Written evidence submitted by BBC World Service



  South Africa is home to many of the continent's major media companies, and its broadcasters and publications reflect the diversity of the population as a whole. The BBC operates its Africa newsgathering co-ordination centre for radio and TV from Johannesburg. The Africa Bureau was established in the early 70s, and is one of the BBC's seven major newsgathering "hubs" located around the world. The Bureau provides news coverage for World Service radio, BBC World television, the BBC's International Facing Online News Site and the domestic channels.

  Although the impact of the World Service has, in recent years, been limited in South Africa for reasons detailed below, the BBC recognised the need to adapt to the changing market following deregulation. It has established a good relationship with SABC, the home broadcaster, which has enabled the World Service to be heard by a wider audience than previously reached.

  The reach of BBC World has been enhanced through a digital TV agreement, and a rebroadcasting arrangement with SABC.

  The BBC is also making inroads into the emerging internet market—it has headline syndication deals in place with the largest Internet Service Provider in the country, and with two leading websites.

  The strong regional programming produced for World Service radio and BBC World television has been a key factor in reaching new audiences through these recent negotiations.


  The South African constitution provides for freedom of the press, and this is generally respected in practice. Laws, regulation and political control of media content are considered to be moderate and there is little evidence of repressive measures against journalists.

  Newspapers and magazines publish reports and comment critical of the government and the state-owned SABC is far more independent now than during the apartheid era.

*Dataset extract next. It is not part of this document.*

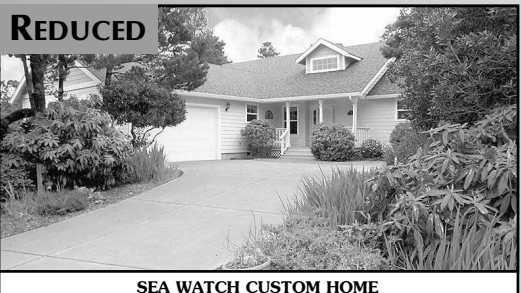
n quiet Sea Watch this custom home built with quality has had a profe

sional pre-inspection with completed repairs. This lovely 3 bedroom, 2 bath, 2+ garage welcomes you with a front covered porch and the back covered deck offers relaxation and the privacy of native landscaping. Motivated sellers encourage you to take a look! $295,000 #11024 MLS#15401551

  Post-apartheid the South African government has been keen to decentralise control of the radio and TV market. Deregulation in 1996 led to a proliferation of private radio stations to compete with the overwhelmingly state-oriented broadcasting system. Listeners in Johannesburg alone can now choose from among some 40 radio services, from the national broadcasts of the reformed state-owned South African Broadcasting Corporation (SABC) to community stations targeting local neighbourhoods or ethnic groups.

  Prior to deregulation, the apartheid government made great efforts to deliver pro-government radio services through high quality FM networks, and as a result, short wave listening did not develop as in other parts of Africa, where domestic services were, and to some extent still are, delivered mainly via shortwave.

  South Africa represents a large radio market with 22.9 million adults listening in a typical week. Just over 16 million of these radio listeners can understand at least some English. In comparison with television, with print media, radio remains the most powerful medium.

  The World Service delivers its programmes via SABC (through a recently signed new agreement with the corporation—further details are given below), by shortwave, through partnerships with some local FM stations, and via audio channels on Multichoice.


  Well-established state-run and commercial TV networks broadcast nationally, and hundreds of thousands of viewers subscribe to pay-TV services operated by the major cable and satellite company MultiChoice. SABC operates three national TV networks and two pay-TV channels. 13.4% of the population have access to television.

  BBC World is available on digital television and there are also morning and evening rebroadcasts of BBC World news sequences every day on SABC 3 TV.


  In June 2000, President Thabo Mbeki set up an international information technology council to help Africa bridge the "digital divide". Africa has only 0.6% of the world's internet users and two-thirds of them are in South Africa, which amounts to just over 7% of the population. 10% of the population have mobile phones. The BBC is making headway into this market with deals recently struck with M-Web, the largest Internet Service Provider in the country, amongst others. It is also exploring the possibility of a mobile phone deal.

  Full details of the BBC's radio, TV and online offer to South Africa, and its newsgathering strength there, are set out below.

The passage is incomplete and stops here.